YOUR OBJECTIVE
Could you please retype exactly the lines from the start of the records below through the line that contains "SOIRÉE FEST NOZ", both included, and leave out the pictures?
(Beginning of DATA RECORDS)
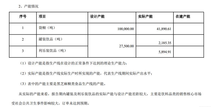 而 2022 年年报显示,黑芝麻的袋糊设计产能为 10 万吨,实际产能为 4.19 万吨,产能利用率不足 42%,没有在建产能;罐装饮品和利乐装饮品合计设计产能为 2.75 万吨,实际产能为 8080.26 吨,产能利用率为 29.38%。
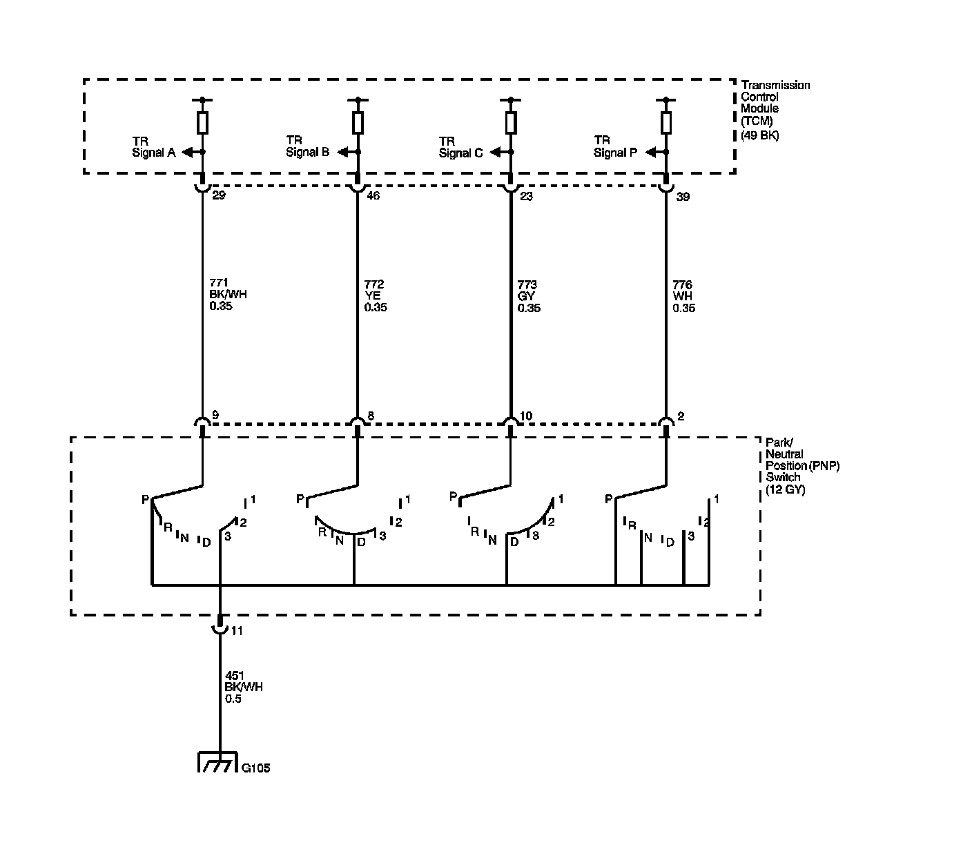 The transmission range (TR) switch is part of the park/neutral position switch and is mounted on the transmission manual shaft. The TR switch is a multi-signal switch. The transmission control module (TCM) supplies ignition voltage to the TR switch on four signal circuits, A, B, C, and P. Each gear selector lever position grounds one or more of the signal circuits in a unique pattern. In order to determine the gear range selected by the driver, the TCM compares the voltage combination on the signal circuits to a TR switch combination table stored in memory. Refer to Transmission Range Switch Logic.
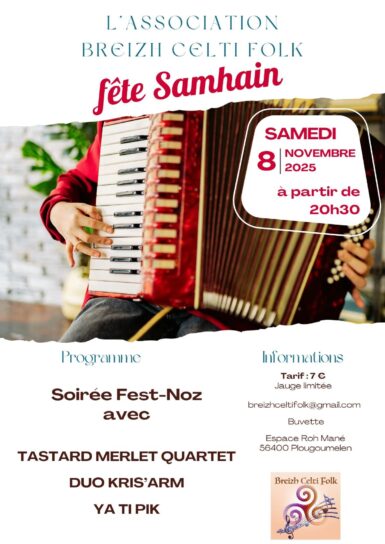SOIRÉE FEST NOZ avec : Tastard Merlet Quartet Kris'Arm Ya Ti Pik 🗓️ Samedi 8 novembre 2025 ⌚ 20h30 🏠 Espace Roh Mané Rue du Roi…
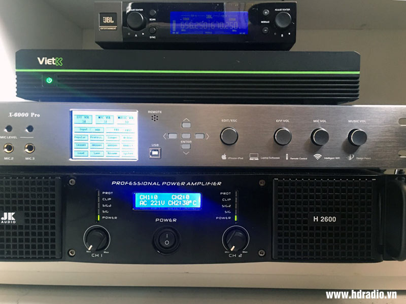 Lắp dàn karaoke anh Nam ở quận 9, Hồ Chí Minh (Loa JBL Ki312, Cục công suất JKAudio H2600, Micro không dây JBL VM300, Vang số JKaudio X6000 Pro, Loa Sub Wharfedale SW12, Đầu ViệtK Pro 4TB)
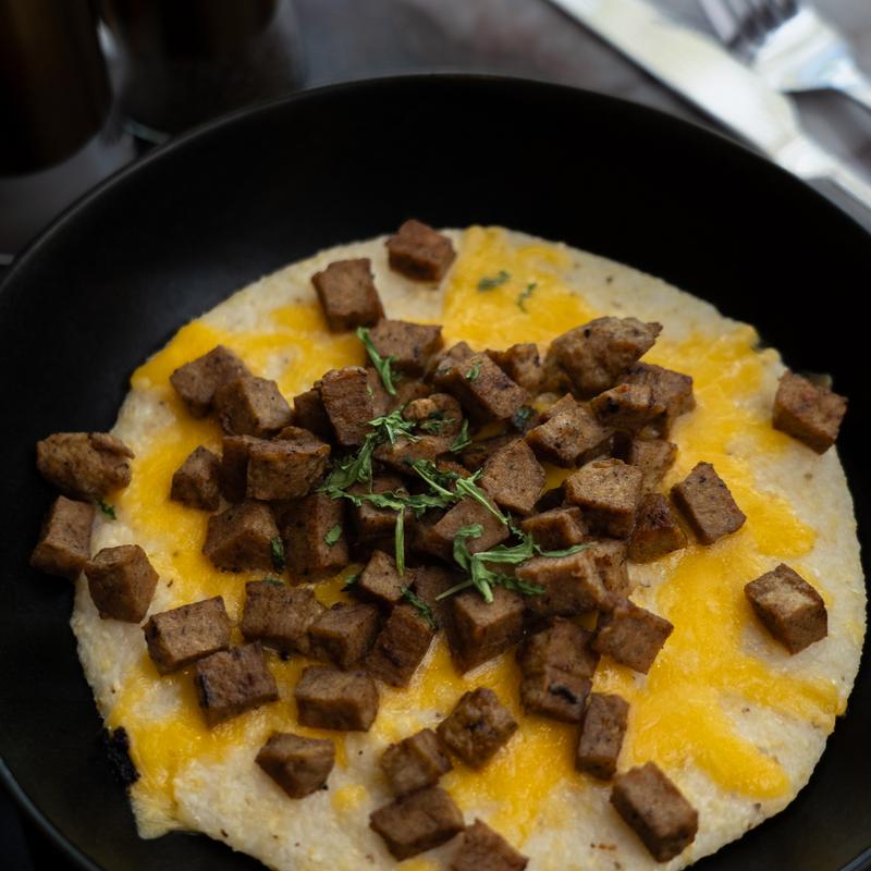 sourdough bread, bagel, biscuit, or tomato basil wrap, scrambled egg, cheddar cheese. Add 2 slices beef bacon or chicken sausage +3
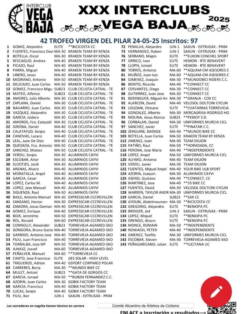El sábado, día 24 de mayo, se disputa en Horadada el 42 Trofeo Virgen del Pilar, prueba puntuable para el Interclubs Vega Baja. La lista de inscritos para dicha prueba alcanza los 97 ciclistas.
(End of DATA RECORDS)
SOLUTION TO THIS EXERCISE
 而 2022 年年报显示,黑芝麻的袋糊设计产能为 10 万吨,实际产能为 4.19 万吨,产能利用率不足 42%,没有在建产能;罐装饮品和利乐装饮品合计设计产能为 2.75 万吨,实际产能为 8080.26 吨,产能利用率为 29.38%。
 The transmission range (TR) switch is part of the park/neutral position switch and is mounted on the transmission manual shaft. The TR switch is a multi-signal switch. The transmission control module (TCM) supplies ignition voltage to the TR switch on four signal circuits, A, B, C, and P. Each gear selector lever position grounds one or more of the signal circuits in a unique pattern. In order to determine the gear range selected by the driver, the TCM compares the voltage combination on the signal circuits to a TR switch combination table stored in memory. Refer to Transmission Range Switch Logic.
SOIRÉE FEST NOZ avec : Tastard Merlet Quartet Kris'Arm Ya Ti Pik 🗓️ Samedi 8 novembre 2025 ⌚ 20h30 🏠 Espace Roh Mané Rue du Roi…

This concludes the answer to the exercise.